### Record set

#####

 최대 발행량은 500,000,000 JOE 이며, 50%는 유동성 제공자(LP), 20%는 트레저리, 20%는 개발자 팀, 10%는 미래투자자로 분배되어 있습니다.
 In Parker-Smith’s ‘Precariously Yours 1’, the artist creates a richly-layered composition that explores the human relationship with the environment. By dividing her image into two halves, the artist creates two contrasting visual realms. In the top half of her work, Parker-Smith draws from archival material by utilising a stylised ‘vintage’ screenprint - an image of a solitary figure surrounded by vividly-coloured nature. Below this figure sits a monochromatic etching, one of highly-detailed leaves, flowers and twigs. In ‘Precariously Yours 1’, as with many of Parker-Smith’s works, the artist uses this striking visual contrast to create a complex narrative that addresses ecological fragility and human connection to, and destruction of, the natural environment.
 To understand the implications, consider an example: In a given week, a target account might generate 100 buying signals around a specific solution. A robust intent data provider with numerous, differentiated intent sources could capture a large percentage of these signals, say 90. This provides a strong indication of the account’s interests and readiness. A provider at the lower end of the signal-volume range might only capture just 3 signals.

#####

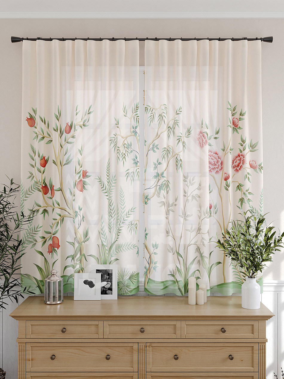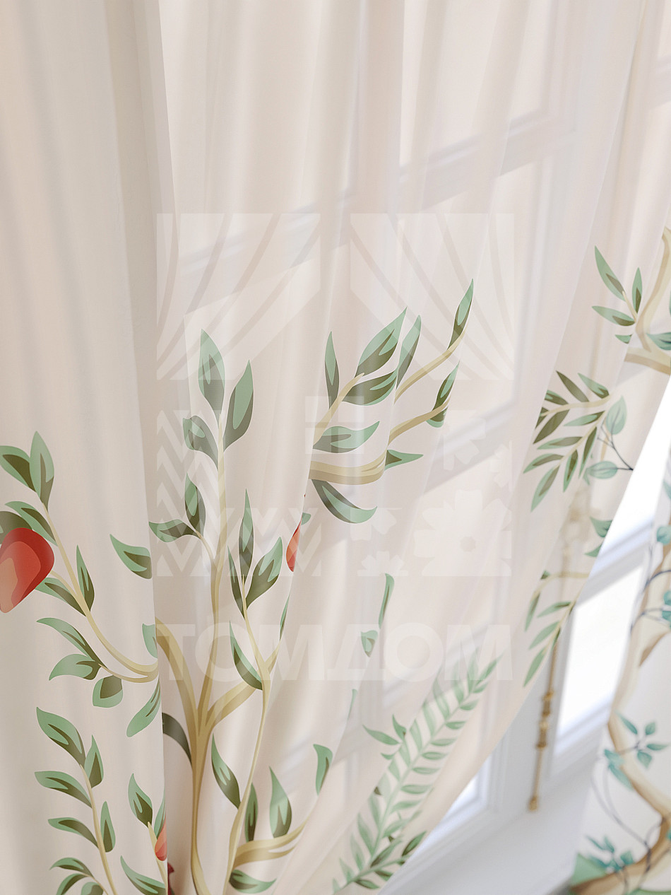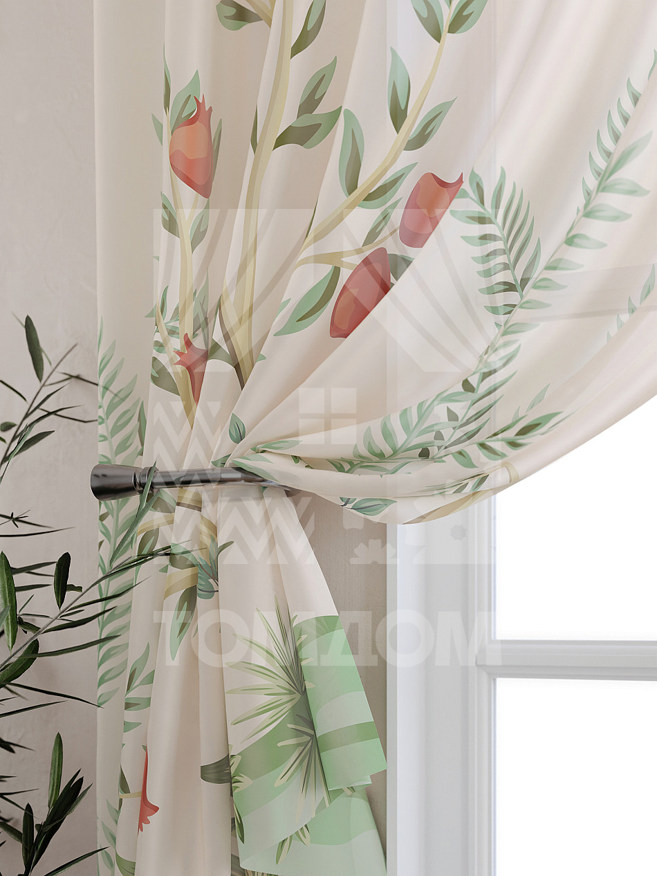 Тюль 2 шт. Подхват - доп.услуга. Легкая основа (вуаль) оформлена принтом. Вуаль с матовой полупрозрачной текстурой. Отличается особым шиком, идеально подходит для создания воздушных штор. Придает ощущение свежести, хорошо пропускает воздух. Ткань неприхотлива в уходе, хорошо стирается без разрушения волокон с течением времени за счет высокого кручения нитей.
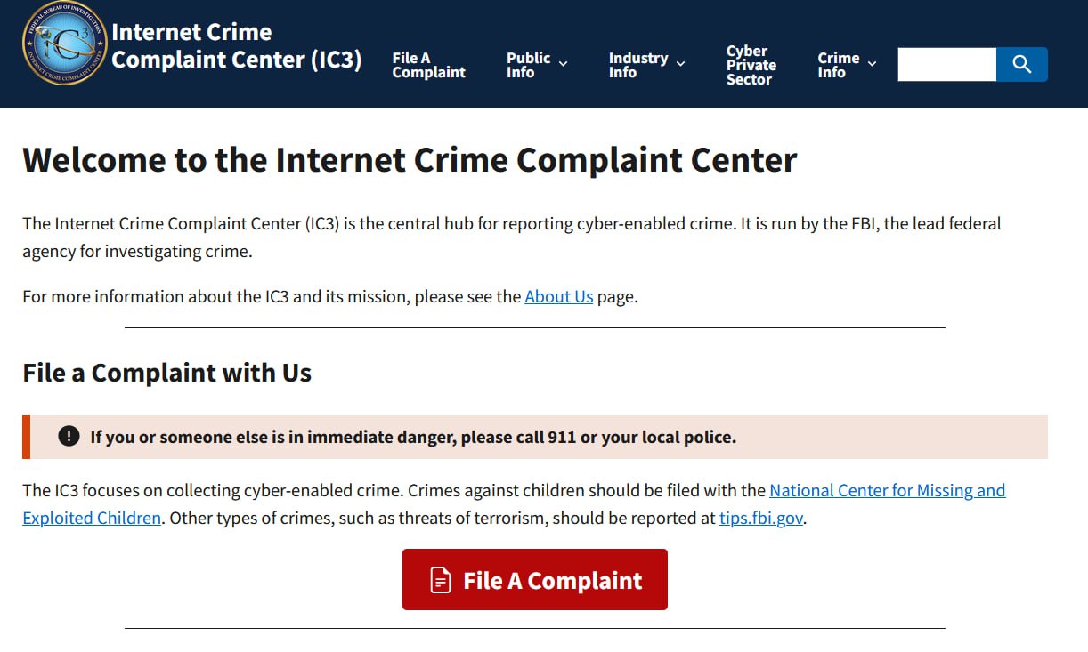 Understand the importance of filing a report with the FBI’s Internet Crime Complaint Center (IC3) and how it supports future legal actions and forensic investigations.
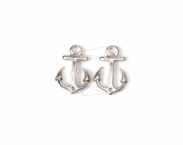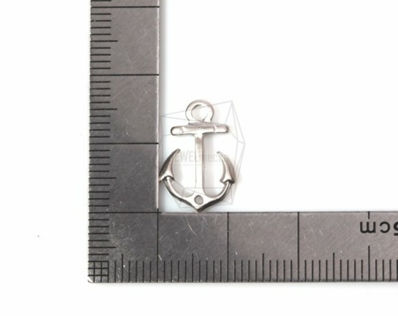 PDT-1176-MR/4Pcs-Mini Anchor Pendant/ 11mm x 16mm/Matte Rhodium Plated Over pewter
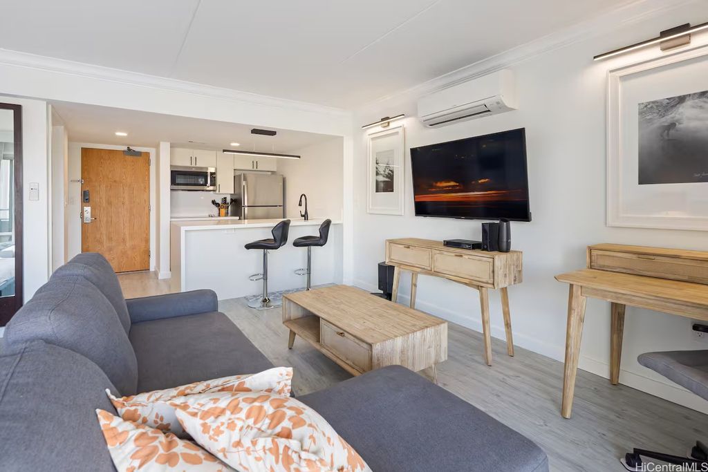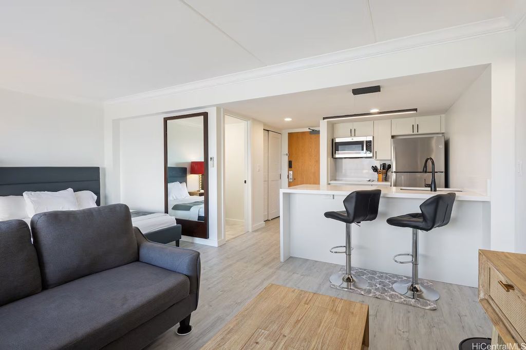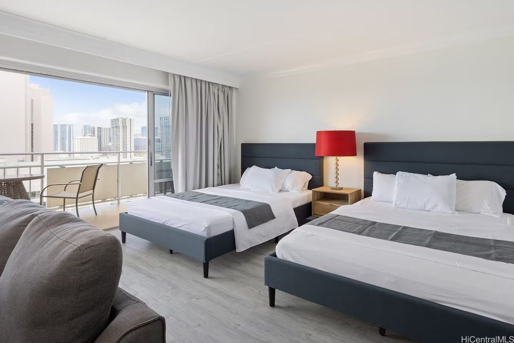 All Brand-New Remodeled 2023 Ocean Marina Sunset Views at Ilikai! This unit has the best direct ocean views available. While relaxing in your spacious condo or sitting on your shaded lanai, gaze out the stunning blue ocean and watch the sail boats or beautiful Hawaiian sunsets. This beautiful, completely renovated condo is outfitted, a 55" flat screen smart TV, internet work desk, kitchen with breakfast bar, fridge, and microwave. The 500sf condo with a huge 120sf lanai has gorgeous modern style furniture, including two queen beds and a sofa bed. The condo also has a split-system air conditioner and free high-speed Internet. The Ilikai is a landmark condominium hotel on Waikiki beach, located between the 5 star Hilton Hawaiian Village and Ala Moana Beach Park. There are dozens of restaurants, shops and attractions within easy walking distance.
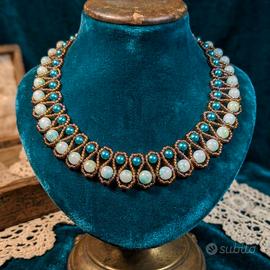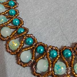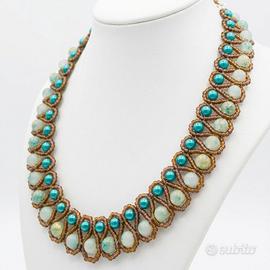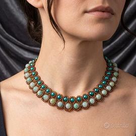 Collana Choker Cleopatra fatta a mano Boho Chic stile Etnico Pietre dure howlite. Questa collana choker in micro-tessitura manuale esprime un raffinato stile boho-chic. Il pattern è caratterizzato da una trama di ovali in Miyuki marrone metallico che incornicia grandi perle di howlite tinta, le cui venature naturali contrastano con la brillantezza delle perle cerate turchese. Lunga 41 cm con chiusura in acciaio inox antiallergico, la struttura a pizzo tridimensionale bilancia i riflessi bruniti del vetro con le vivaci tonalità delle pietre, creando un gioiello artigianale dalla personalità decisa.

#####

### Work order
Reproduce exactly the entries above, limited to the lines from the one with "최대 발행량은 500,000,000" through the one with "In Parker-Smith’s ‘Precariously", both included.

### Worked solution
 최대 발행량은 500,000,000 JOE 이며, 50%는 유동성 제공자(LP), 20%는 트레저리, 20%는 개발자 팀, 10%는 미래투자자로 분배되어 있습니다.
 In Parker-Smith’s ‘Precariously Yours 1’, the artist creates a richly-layered composition that explores the human relationship with the environment. By dividing her image into two halves, the artist creates two contrasting visual realms. In the top half of her work, Parker-Smith draws from archival material by utilising a stylised ‘vintage’ screenprint - an image of a solitary figure surrounded by vividly-coloured nature. Below this figure sits a monochromatic etching, one of highly-detailed leaves, flowers and twigs. In ‘Precariously Yours 1’, as with many of Parker-Smith’s works, the artist uses this striking visual contrast to create a complex narrative that addresses ecological fragility and human connection to, and destruction of, the natural environment.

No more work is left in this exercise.